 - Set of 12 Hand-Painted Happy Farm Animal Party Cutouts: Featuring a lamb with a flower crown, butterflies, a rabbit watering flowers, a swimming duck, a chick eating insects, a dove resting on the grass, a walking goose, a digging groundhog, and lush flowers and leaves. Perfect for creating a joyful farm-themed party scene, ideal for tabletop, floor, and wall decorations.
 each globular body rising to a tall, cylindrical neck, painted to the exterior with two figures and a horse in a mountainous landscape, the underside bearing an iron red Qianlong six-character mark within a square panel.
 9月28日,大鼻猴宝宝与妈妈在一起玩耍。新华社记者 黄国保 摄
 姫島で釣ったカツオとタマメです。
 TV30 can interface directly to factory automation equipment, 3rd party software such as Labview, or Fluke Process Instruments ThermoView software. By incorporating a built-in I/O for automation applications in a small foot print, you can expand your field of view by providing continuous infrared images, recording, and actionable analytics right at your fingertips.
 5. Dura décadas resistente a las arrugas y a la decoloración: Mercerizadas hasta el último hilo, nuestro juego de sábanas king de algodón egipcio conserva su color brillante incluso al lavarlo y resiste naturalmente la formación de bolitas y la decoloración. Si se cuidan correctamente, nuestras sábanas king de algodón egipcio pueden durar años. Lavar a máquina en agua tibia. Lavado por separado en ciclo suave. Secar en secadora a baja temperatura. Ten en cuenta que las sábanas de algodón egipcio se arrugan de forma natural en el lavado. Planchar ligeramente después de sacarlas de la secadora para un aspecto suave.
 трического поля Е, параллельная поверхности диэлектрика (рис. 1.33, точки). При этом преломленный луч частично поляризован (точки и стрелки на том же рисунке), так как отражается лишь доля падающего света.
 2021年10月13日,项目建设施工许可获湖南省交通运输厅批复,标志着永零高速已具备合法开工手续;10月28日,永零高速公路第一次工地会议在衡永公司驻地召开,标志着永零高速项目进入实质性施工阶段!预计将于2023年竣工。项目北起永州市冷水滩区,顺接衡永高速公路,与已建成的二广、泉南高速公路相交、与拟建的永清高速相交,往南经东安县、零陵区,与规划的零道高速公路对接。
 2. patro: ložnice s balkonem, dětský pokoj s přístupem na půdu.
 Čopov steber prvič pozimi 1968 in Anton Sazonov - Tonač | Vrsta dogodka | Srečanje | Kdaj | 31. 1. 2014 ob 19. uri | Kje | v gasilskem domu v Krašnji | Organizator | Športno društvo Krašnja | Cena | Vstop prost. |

□ □ □ □

__The task__: Copy out each line of the entries where the word "party" is found.

__Result of the task__:
 - Set of 12 Hand-Painted Happy Farm Animal Party Cutouts: Featuring a lamb with a flower crown, butterflies, a rabbit watering flowers, a swimming duck, a chick eating insects, a dove resting on the grass, a walking goose, a digging groundhog, and lush flowers and leaves. Perfect for creating a joyful farm-themed party scene, ideal for tabletop, floor, and wall decorations.
 TV30 can interface directly to factory automation equipment, 3rd party software such as Labview, or Fluke Process Instruments ThermoView software. By incorporating a built-in I/O for automation applications in a small foot print, you can expand your field of view by providing continuous infrared images, recording, and actionable analytics right at your fingertips.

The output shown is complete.